This differant khora is thus a way to keep meaning open so that it doesn't become fixed and rigidified. All possibilities reside therein so that different contexts as yet unseen will provide new meaning. It requires that we are ceaselessly pushing out boundaries and testing our limits, boldly going where no one—except perhaps Jean Luc and crew—have gone before.
Or maybe those Buddhists to whom Wilber refers? Balder and Bonnitta have made the case for a similar type of open, groundless ground that is in Dzogchen. Maybe so. And that perhaps Wilber, while using that Buddhism, still retains some metaphysics in his interpretation?
Tags:
Views: 1829
Sure, Sir, Lacan had a major influence on the works of Derrida and the semiotic philosopher Julia Kristeva. They used to attend his seminars at the "Ecole Normale Supérieure" during the early 60ies. So little of his works is yet translated into English because his son-in-Law, the "nasty" Jacques-Alain Miller, is in charge of his legacy and this dude is keeping the "treasure" out of reach of the looker as the dragon of the tales. Ridiculous, mostly for business, money and prestige of course!

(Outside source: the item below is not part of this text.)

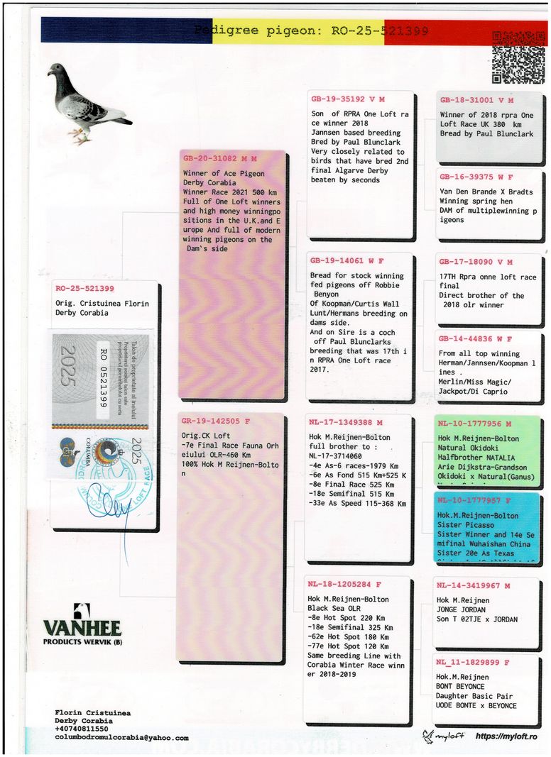 Serie porumbel: RO-25-521399 Original Cristuinea Florin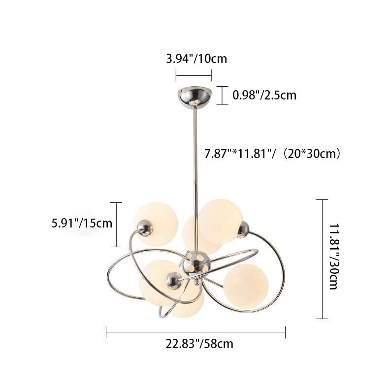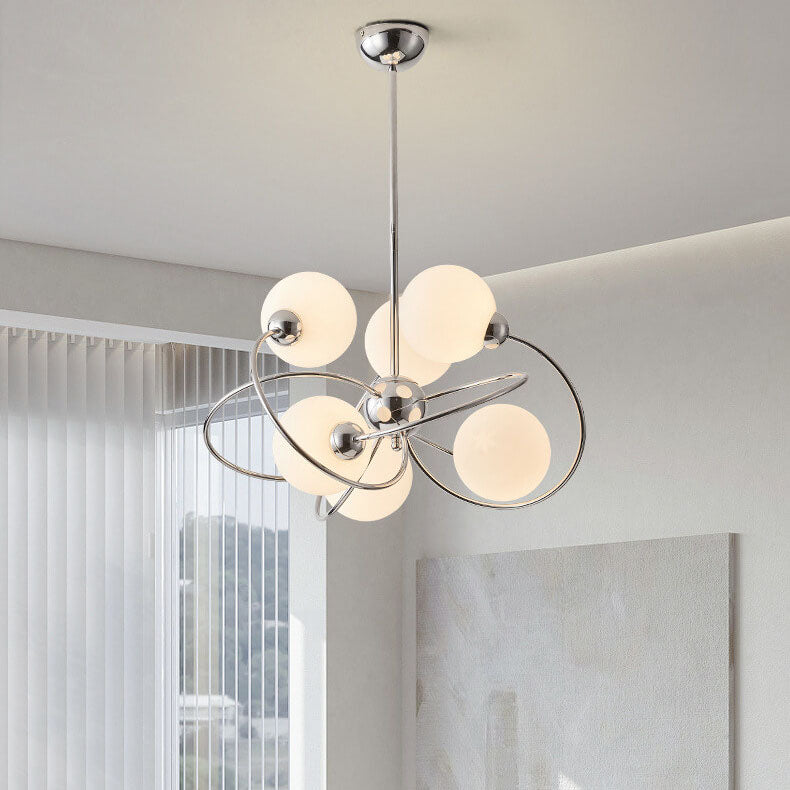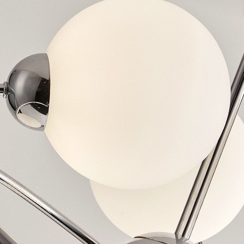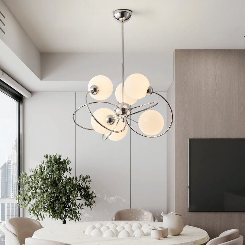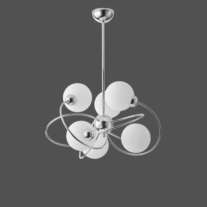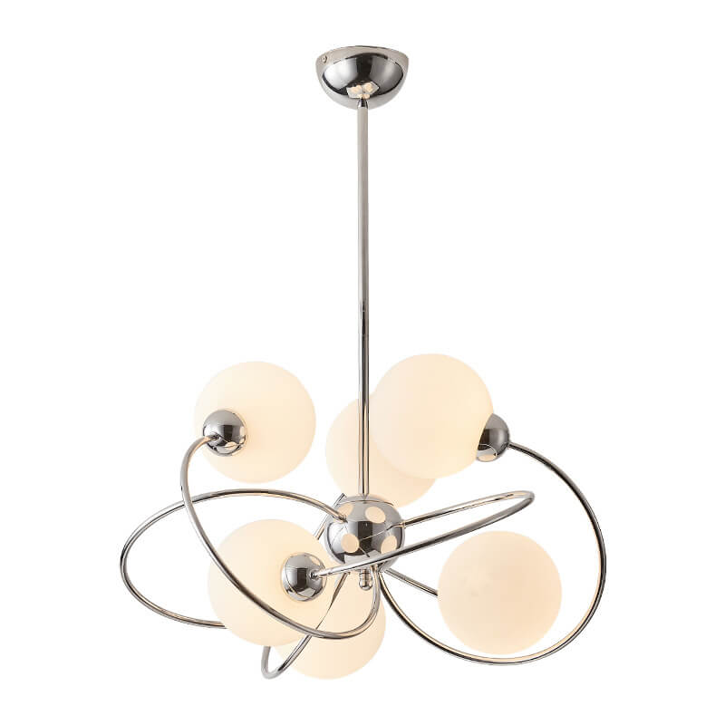 ثريا عصرية من منتصف القرن مصنوعة من الزجاج الأبيض الحليبي مع حلقة كروم بستة مصابيح لغرفة المعيشة

Well going back to Khora as the locus of "Otherness", it is the deep narcirssistic desire of jouissance of the analyst according to Lacan, the unconscious of course. It is like the place where a "semblance" of anarchic dissemination appears as discourse of the "Other" of the analyst . Thats´s complicated lacanian aphoriristic talk. Remember there are three orders, real, imaginary and symbolic, joined together as borromean knots. And in the semiotic deference of primary process as symbolized by the complex play of methonymic surjection in the discourse in the analysand´s speech, the semblance of elements belonging to so called secondary process assemblage of signifiers arises as symptom to Lacan and not as symbolic transferance awaiting the moment of interpretation by the analyst as it is too often naively told in ego-psychology circles. Gee I don´t know how to put that lacanian trash together in Angais. ahahhaha. But it is anarchism in the sense, as symptom, always radical to constitutive phallocentrism or logocentrism for Derrida.
Here is something I found, I am not especially impressed by its english formulation of lacanian "gibberish" but:
"Julia Kristeva deploys the term as part of her analysis of the difference between the semiotic and symbolic realms, in that Plato's concept of "khora" is said to anticipate the emancipatory employment of semiotic activity as a way of evading the allegedly phallocentric character of symbolic activity (signification through language), which, following Lacan, is regarded as an inherently limiting and oppressive form of praxis. More recently, Derrida uses "khôra" to name a radical otherness that "gives place" for being. For Derrida, "khôra" defies attempts at naming or either/or logic which he attempts to "deconstruct".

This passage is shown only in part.